- Born: June 21, 1906 Chicago, Illinois, US
- Died: October 22, 1997 (aged 91) Gstaad, Switzerland
- Genres: Jazz, Swing, Big Band
- Occupation: Musician
- Instruments: Double Bass, Tuba
- Years active: 1926-1939
- Formerly of: Benny Goodman Orchestra

= Harry Goodman (musician) =

20th century American jazz bassist

Harry Goodman (born June 21, 1906, in Chicago, Illinois, US; died October 22, 1997, in Gstaad, Switzerland) was an American jazz musician (double bass and tuba) who later became a music publisher. He was an active professional musician from the mid-1920s through 1939, participating in 208 recording sessions.

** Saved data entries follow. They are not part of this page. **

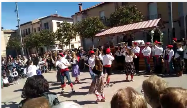
Foto del ball de bastons a la Plaça Major d'Avinyó

I amb la primavera van arribar les caramelles. Guarnits amb set vetes, barretina i faixa, i reixeta i faldilles vam acompanyar els Cantaires durant la seva cita anual amb els carrers i places del poble. Vam començar tard, no ens enganyem, per molt que voltem seguim sent avinyonencs de soca-rel i la impuntualitat no la perdrem mai. Què dir de les caramelles? "No pugeu al carro!" "Les cintes tibades!" "No tibeu tant les cintes!" "Piqueu fort amb els bastons!" "Els uns per dins i els dosos per fora!" fins que vam arribar a la residència. Després de tocar-hi els balls regulant tant com vam poder el volum, ens van recompensar amb una mica de berenar. I a dormir d'hora que demà matinem!
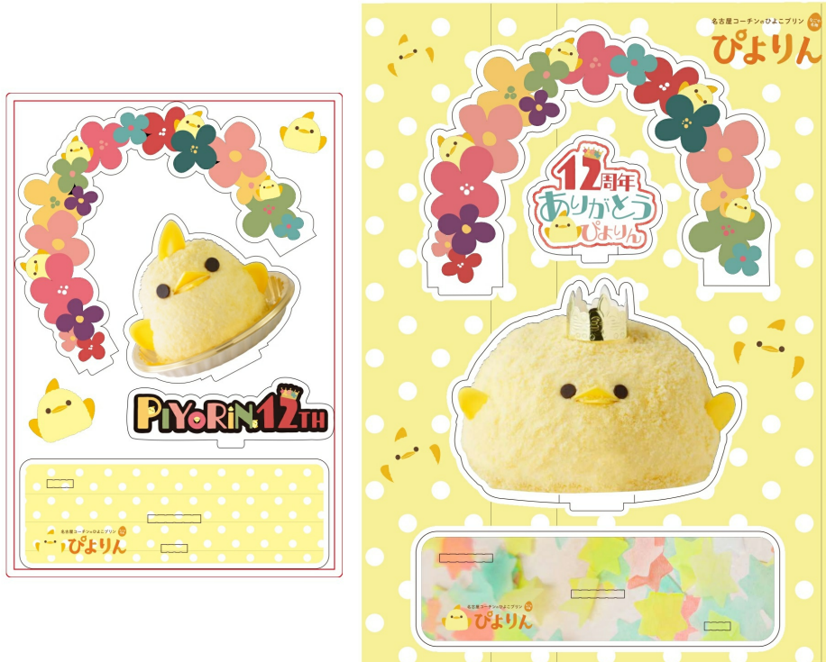
ぴよりん12周年記念アクリルスタンド

販売箇所：ぴよりんMARKET https://market.jr-central.co.jp/shop/c/cpiyorin/
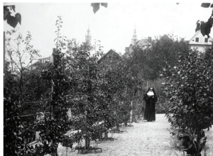
Gojenke ob votlini lurške Matere božje, grajski vrt, pred 1914.
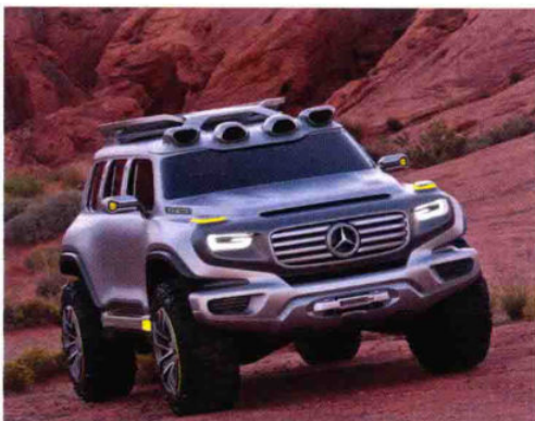
粗犷的外观：梅赛德斯—奔驰样品车
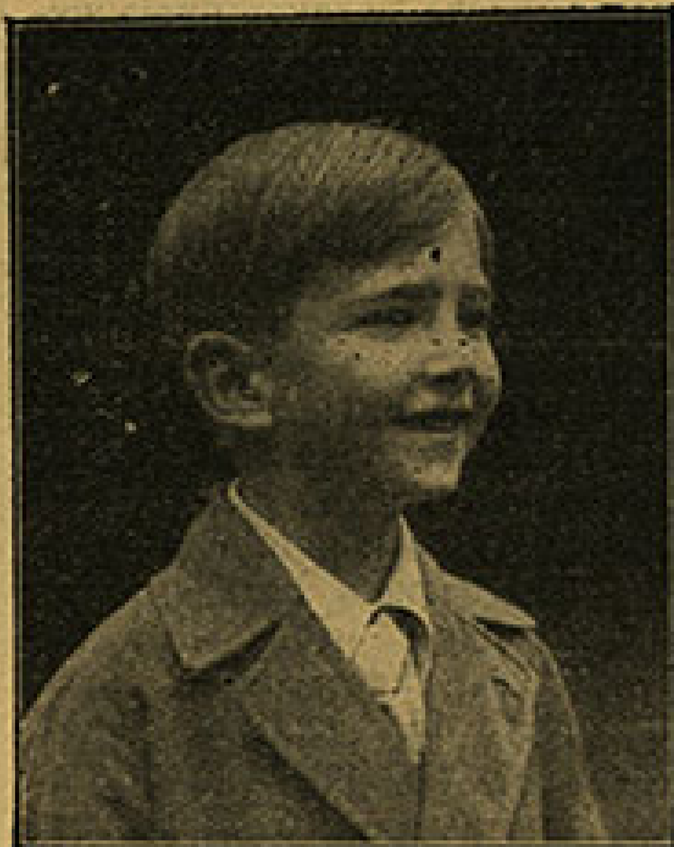
Њ. Вис. Наследник Престола Петар, Старешина Сокола Краљевине Југославије.

А међу њима Соко Краљевине Југославије, полетно, у напону снаге приступа највећем и најлепшем раду,

His first recording (“’Deed I Do”) was made in late 1926 with Ben Pollack and His Californians, which also included Glenn Miller, his brother Benny Goodman, Gil Rodin, Fud Livingston, and vocalist Frank Sylvano. In the following years, he played on recordings with the studio bands of Benny Goodman, Jimmy McHugh, Jack Pettis, and producer Irving Mills. In the 1930s, he also participated in recordings by Hoagy Carmichael (“Rockin’ Chair”), Jack Teagarden, Red Nichols, Gil Rodin, The Charleston Chasers, Wingy Manone, Harry Rosenthal, Red McKenzie’s Mound City Blue Blowers, Teddy Wilson, and Lionel Hampton, among others. He was a member of the Benny Goodman Orchestra from 1934 to 1939, including the 1938 concert that was the first jazz performance at Carnegie Hall. He also appeared in the television series American Masters.

After he left his brother’s band in the spring of 1939, he never performed as a bassist again. He ran various businesses, including a restaurant in Manhattan. He and his younger brother Gene (Eugene) Goodman founded a music publishing company, Regent Music. They later started Jewel Music and, in 1953, ARC Music, with Leonard and Phil Chess.

Goodman spent much of later years in France and died in Switzerland at age 91.

Although Harry Goodman played with many of the great swing music ensembles, he was not considered one of the great bassists. John Goldsby called him “a good journeyman player with the right family name.” Gunther Schuller wrote "Harry Goodman was at best competent but, more often than not, weak."